PROBLEM DETAILS:
In the copy, include no images, and repeat each entry precisely as written.

Saved data entries:
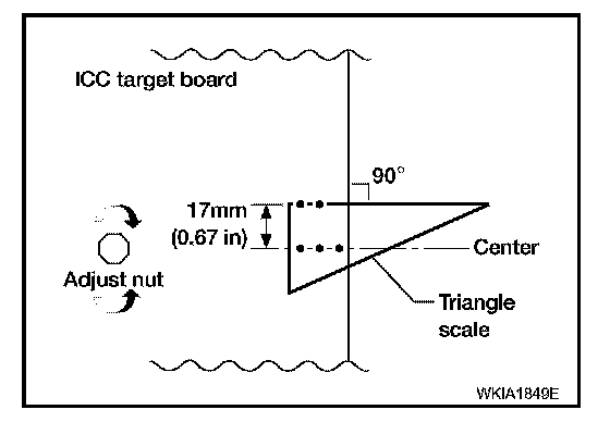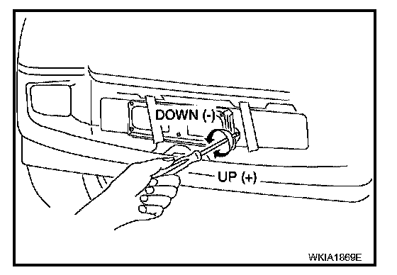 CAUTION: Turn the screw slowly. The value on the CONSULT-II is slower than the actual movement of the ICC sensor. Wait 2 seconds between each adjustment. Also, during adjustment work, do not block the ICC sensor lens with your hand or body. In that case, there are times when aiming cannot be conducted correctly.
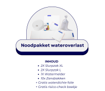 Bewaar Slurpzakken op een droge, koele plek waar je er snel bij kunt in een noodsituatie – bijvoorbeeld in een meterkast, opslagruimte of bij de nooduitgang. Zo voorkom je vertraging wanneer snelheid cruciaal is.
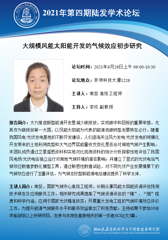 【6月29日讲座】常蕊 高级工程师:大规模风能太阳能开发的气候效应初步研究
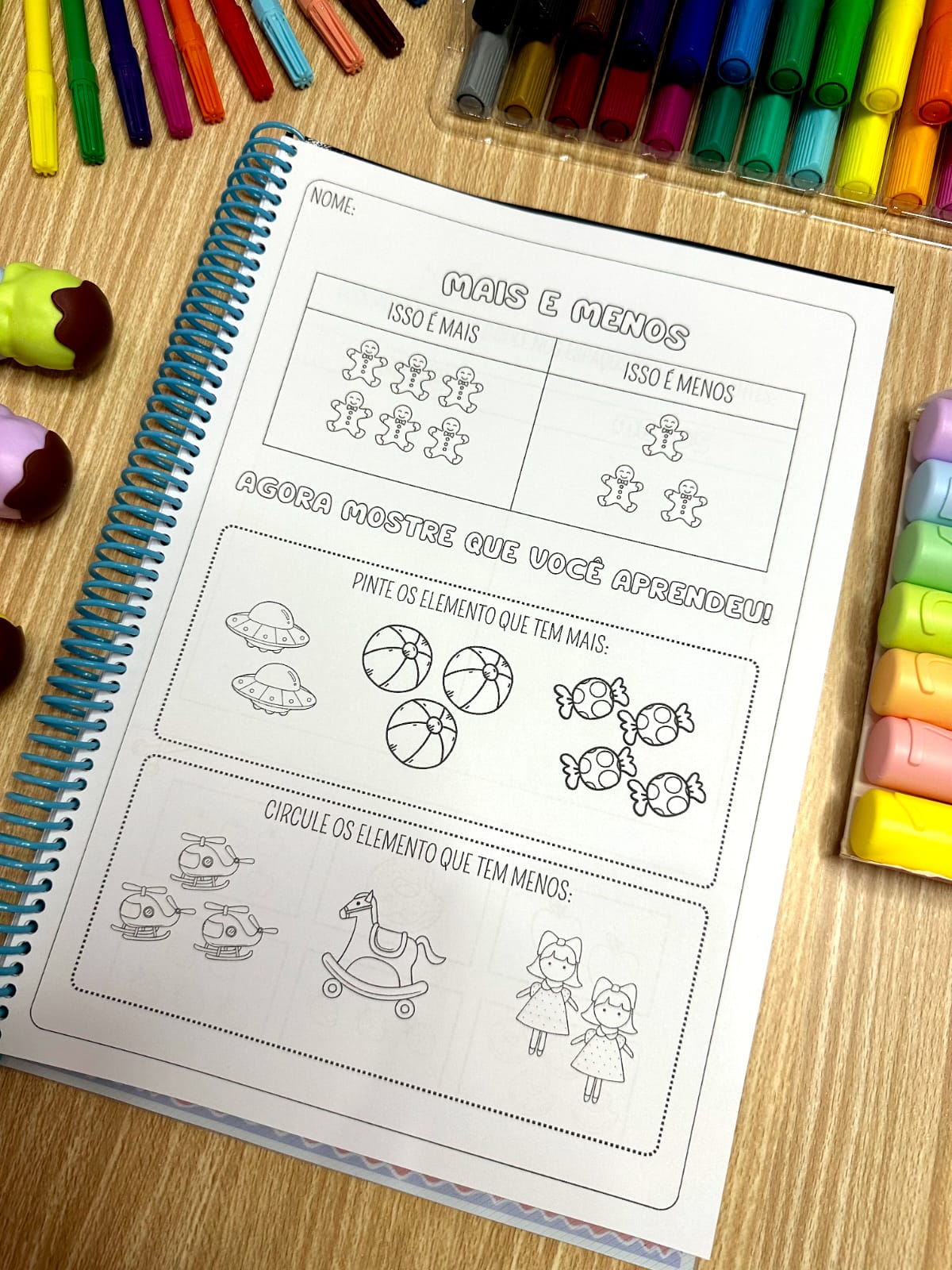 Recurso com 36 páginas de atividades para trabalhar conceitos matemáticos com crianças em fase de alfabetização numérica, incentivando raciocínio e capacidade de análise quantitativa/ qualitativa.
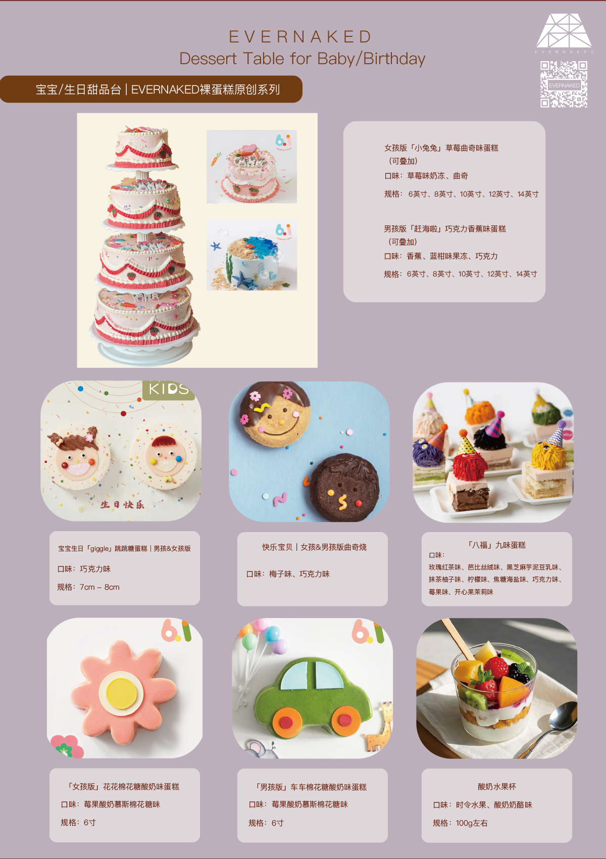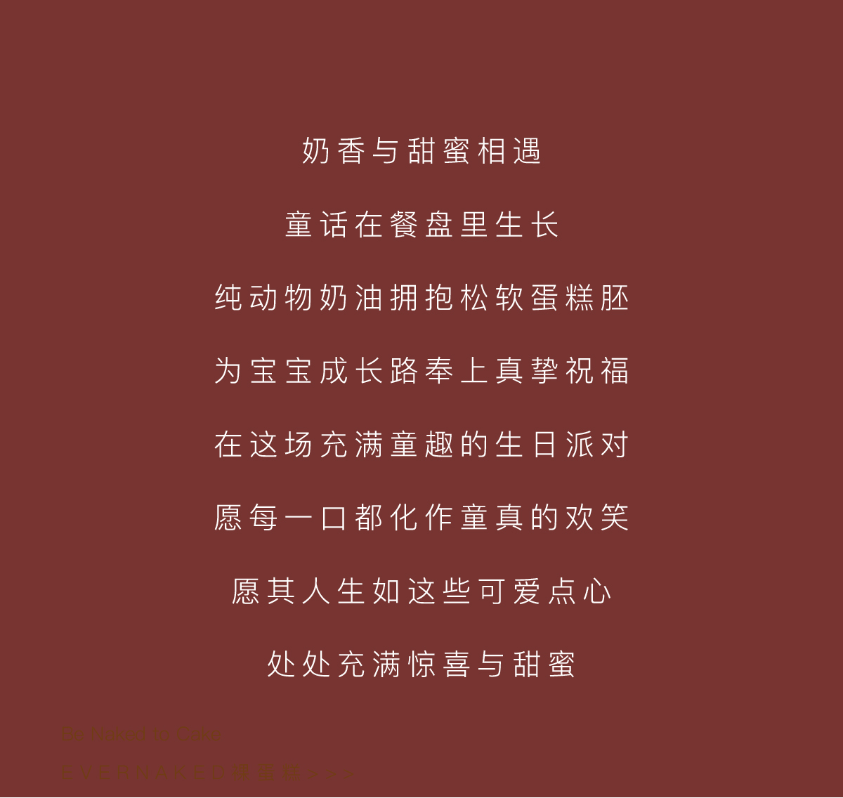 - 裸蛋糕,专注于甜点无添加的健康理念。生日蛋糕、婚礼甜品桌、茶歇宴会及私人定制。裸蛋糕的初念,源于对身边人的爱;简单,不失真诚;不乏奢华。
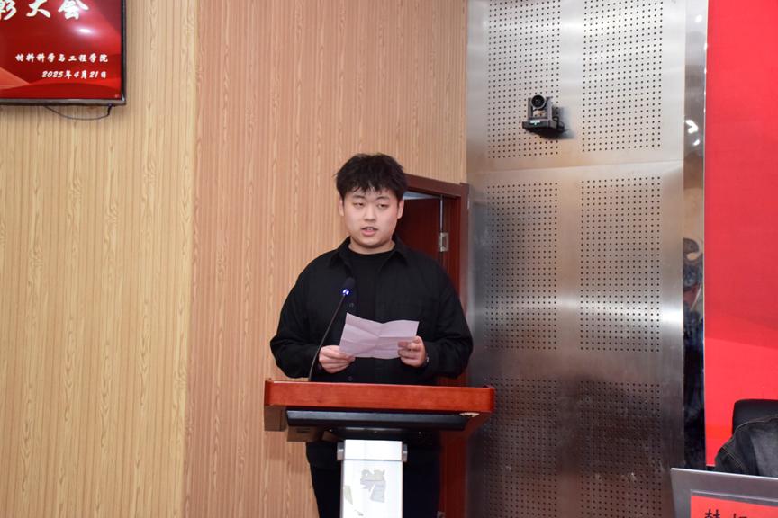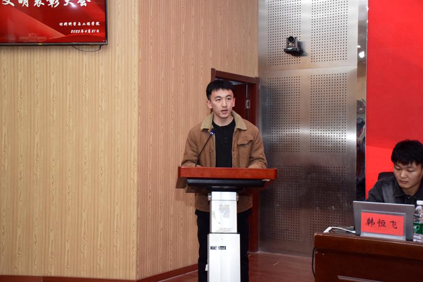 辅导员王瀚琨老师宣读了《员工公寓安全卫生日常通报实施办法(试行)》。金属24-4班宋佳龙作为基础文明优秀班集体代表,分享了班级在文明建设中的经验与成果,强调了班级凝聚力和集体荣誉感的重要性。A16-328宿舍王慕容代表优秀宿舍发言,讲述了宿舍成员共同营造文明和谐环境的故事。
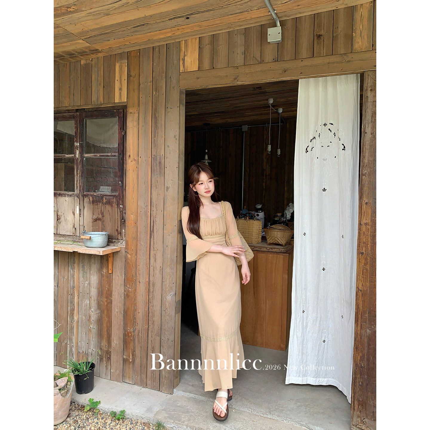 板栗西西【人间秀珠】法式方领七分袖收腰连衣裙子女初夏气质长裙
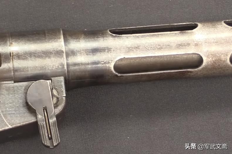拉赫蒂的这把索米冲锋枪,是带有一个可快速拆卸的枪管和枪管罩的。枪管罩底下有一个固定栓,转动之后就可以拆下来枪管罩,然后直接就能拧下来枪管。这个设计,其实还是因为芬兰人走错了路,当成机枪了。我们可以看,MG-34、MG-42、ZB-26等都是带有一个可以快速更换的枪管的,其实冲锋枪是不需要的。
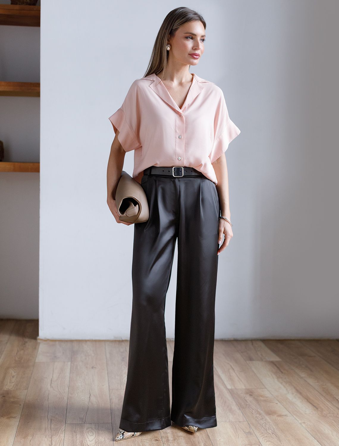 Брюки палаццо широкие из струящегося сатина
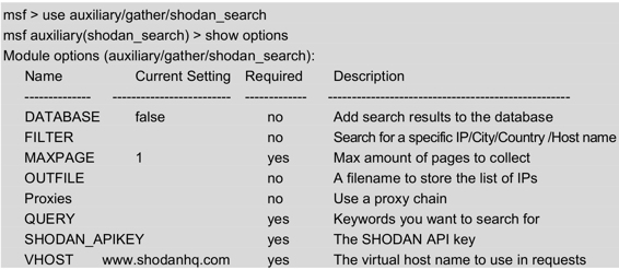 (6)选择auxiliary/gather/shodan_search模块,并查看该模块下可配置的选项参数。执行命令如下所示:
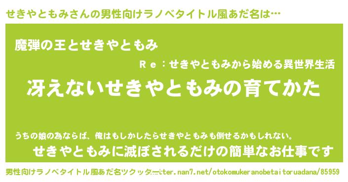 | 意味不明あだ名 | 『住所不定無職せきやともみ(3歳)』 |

PROBLEM SOLUTION:
 CAUTION: Turn the screw slowly. The value on the CONSULT-II is slower than the actual movement of the ICC sensor. Wait 2 seconds between each adjustment. Also, during adjustment work, do not block the ICC sensor lens with your hand or body. In that case, there are times when aiming cannot be conducted correctly.
 Bewaar Slurpzakken op een droge, koele plek waar je er snel bij kunt in een noodsituatie – bijvoorbeeld in een meterkast, opslagruimte of bij de nooduitgang. Zo voorkom je vertraging wanneer snelheid cruciaal is.
 【6月29日讲座】常蕊 高级工程师:大规模风能太阳能开发的气候效应初步研究
 Recurso com 36 páginas de atividades para trabalhar conceitos matemáticos com crianças em fase de alfabetização numérica, incentivando raciocínio e capacidade de análise quantitativa/ qualitativa.
 - 裸蛋糕,专注于甜点无添加的健康理念。生日蛋糕、婚礼甜品桌、茶歇宴会及私人定制。裸蛋糕的初念,源于对身边人的爱;简单,不失真诚;不乏奢华。
 辅导员王瀚琨老师宣读了《员工公寓安全卫生日常通报实施办法(试行)》。金属24-4班宋佳龙作为基础文明优秀班集体代表,分享了班级在文明建设中的经验与成果,强调了班级凝聚力和集体荣誉感的重要性。A16-328宿舍王慕容代表优秀宿舍发言,讲述了宿舍成员共同营造文明和谐环境的故事。
 板栗西西【人间秀珠】法式方领七分袖收腰连衣裙子女初夏气质长裙
拉赫蒂的这把索米冲锋枪,是带有一个可快速拆卸的枪管和枪管罩的。枪管罩底下有一个固定栓,转动之后就可以拆下来枪管罩,然后直接就能拧下来枪管。这个设计,其实还是因为芬兰人走错了路,当成机枪了。我们可以看,MG-34、MG-42、ZB-26等都是带有一个可以快速更换的枪管的,其实冲锋枪是不需要的。
 Брюки палаццо широкие из струящегося сатина
 (6)选择auxiliary/gather/shodan_search模块,并查看该模块下可配置的选项参数。执行命令如下所示:
 | 意味不明あだ名 | 『住所不定無職せきやともみ(3歳)』 |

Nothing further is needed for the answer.